# Records drawn from a dataset
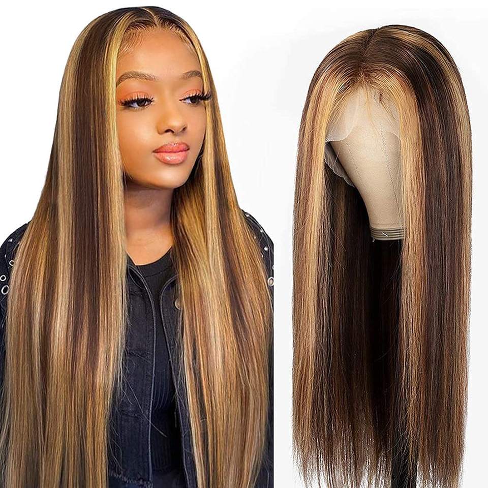 ขายส่งสีน้ำผึ้งสีบลอนด์ไฮไลท์เส้นผมมนุษย์เส้นผมธรรมชาติ13X6คลื่นลึกโปร่งใสด้านหน้าลูกไม้วิกผมเต็ม
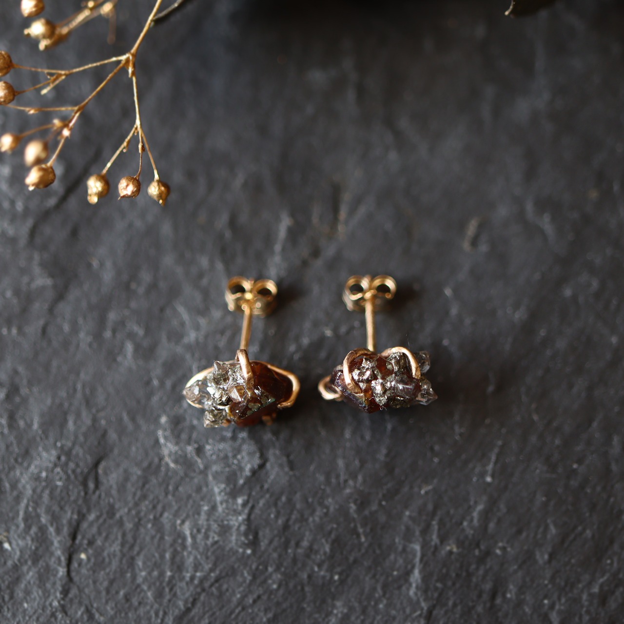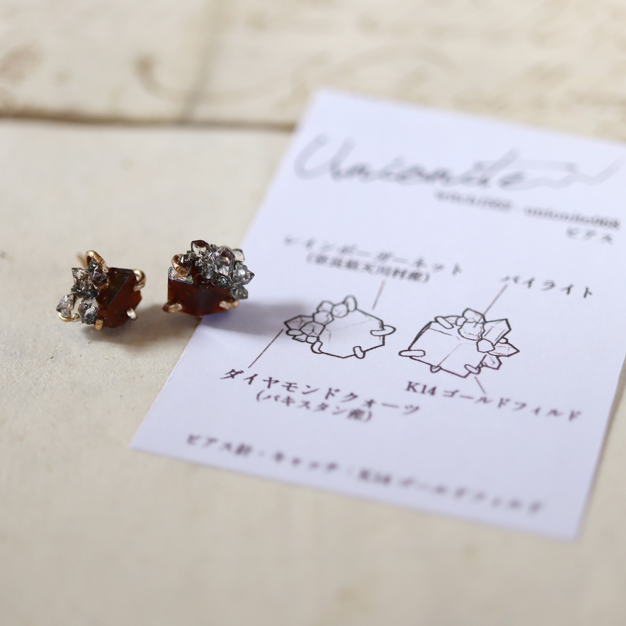 レインボーガーネットを母岩にダイヤモンドクォーツとパイライトが結晶した、創造上の鉱物「Unionite」のピアス。
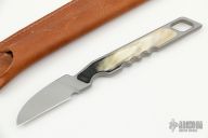 This Buddy by WKRMN features a bead blasted finished blade with .175" blade stock and .646" blade depth, full tang construction with "Cattle" scales (faux horn). Comes with a brown leather sheath. Excellent condition.
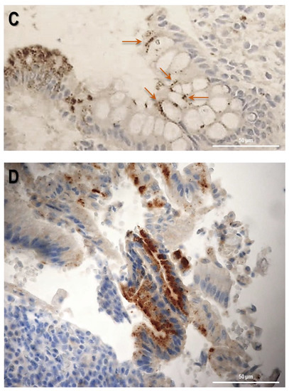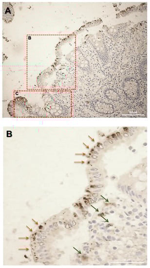 Firstly, the biopsy specimens of UC patients were reviewed for evidence of microscopic features of the UC disease. Figure 5 shows evidence from UC patients which are representative of a group of n = 20. In UC patients, epithelium showed mucosal distortion with surface irregularity and alterations in crypt size, spacing, orientation (i.e., loss of parallelism), and shape. The increased distance and the separation of the crypts from the underlying Muscolaris mucosae have been also detected. Moreover, a reduction in the number of Goblet cells can be observed, which appear hyperplastic. Histological studies revealed that, in patients with active UC, SLC15A4/PHT1 immunoreactivity was strongly and specifically localized in the absorptive epithelium (Figure 5A) and distributed in small intracellular vesicles near the brush border of the enterocytes (Figure 5B). Sporadic immunoreactive patches can be observed in immune cells of the lamina propria (Figure 5A,B) and in Goblet cells (Figure 5C).
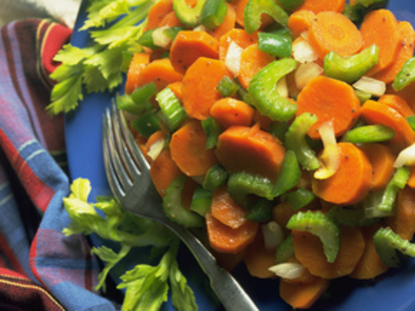 1. Овощи моем, даем стечь. Сельдерей нарезаем некрупніми кусочками. Морковь чистим и режем кружочками.

# Instructions for the task
What should appear is an exact copy of the lines from the one containing "Firstly, the biopsy" through the last line of the records above, pictures excluded.

# Response
 Firstly, the biopsy specimens of UC patients were reviewed for evidence of microscopic features of the UC disease. Figure 5 shows evidence from UC patients which are representative of a group of n = 20. In UC patients, epithelium showed mucosal distortion with surface irregularity and alterations in crypt size, spacing, orientation (i.e., loss of parallelism), and shape. The increased distance and the separation of the crypts from the underlying Muscolaris mucosae have been also detected. Moreover, a reduction in the number of Goblet cells can be observed, which appear hyperplastic. Histological studies revealed that, in patients with active UC, SLC15A4/PHT1 immunoreactivity was strongly and specifically localized in the absorptive epithelium (Figure 5A) and distributed in small intracellular vesicles near the brush border of the enterocytes (Figure 5B). Sporadic immunoreactive patches can be observed in immune cells of the lamina propria (Figure 5A,B) and in Goblet cells (Figure 5C).
 1. Овощи моем, даем стечь. Сельдерей нарезаем некрупніми кусочками. Морковь чистим и режем кружочками.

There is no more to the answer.